To reduce the simplex perturbation-limit parameter:
◆ In the Interactive Optimizer, use the command
set simplex limits perturbation i, substituting a smaller value for i.
◆ When using the Component Libraries, set the parameter IloCplex::PerLim or CPX_PARAM_PERLIM.
Inability to Stay Feasible
If a problem repeatedly becomes infeasible in Phase II (that is, after ILOG CPLEX has achieved a feasible solution), then numerical difficulties may be occurring. It may help to increase the Markowitz tolerance in such a case. By default, its value is 0.01, and suitable values range from 0.0001 to 0.99999.
To increase Markowitz tolerance:
◆ In the Interactive Optimizer, use the command
set simplex tolerances markowitz n, substituting a greater value for n.

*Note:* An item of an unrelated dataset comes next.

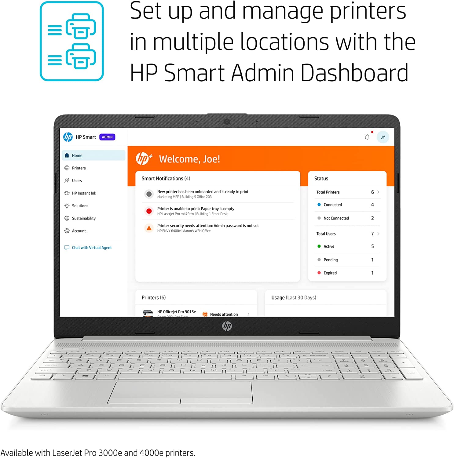 SET UP AND MANAGE FROM ANYWHERE – Perfect for teams in multiple locations. HP Smart Admin Dashboard lets you set up and manage printers from a single dashboard, invite new users, track toner levels, monitor security and control settings from any location.
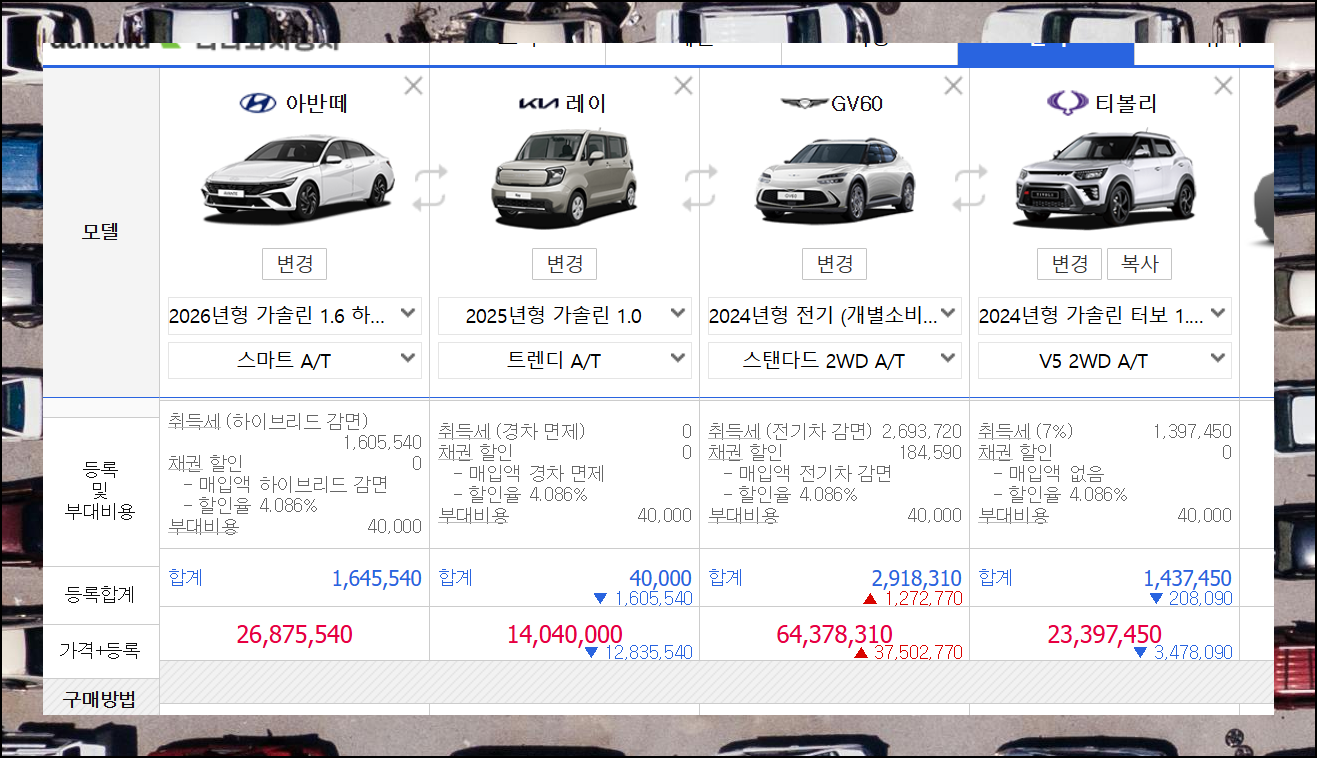 여러 차량 모델을 선택해서 가격과 다양한 기준으로 살펴볼 수 있는 편리한 플랫폼이 있어요. 가격은 물론이고 자동차 선택에 도움되는 여러 정보를 한 화면에서 확인할 수 있답니다. 한 번에 5개 모델까지 비교가 가능하니 구매 전 꼭 활용해보세요.

◆ When using the Component Libraries set the parameter IloCplex::EpMrk or CPX_PARAM_EPMRK.
Sometimes slow progress in Phase I (the period when ILOG CPLEX calculates the first feasible solution) is due to similar numerical difficulties, less obvious because feasibility is not gained and lost. In the progress reported in the log file, an increase in the printed sum of infeasibilities may be a symptom of this case. If so, it may be worth while to set a higher Markowitz tolerance, just as in the more obvious case of numerical difficulties in Phase II.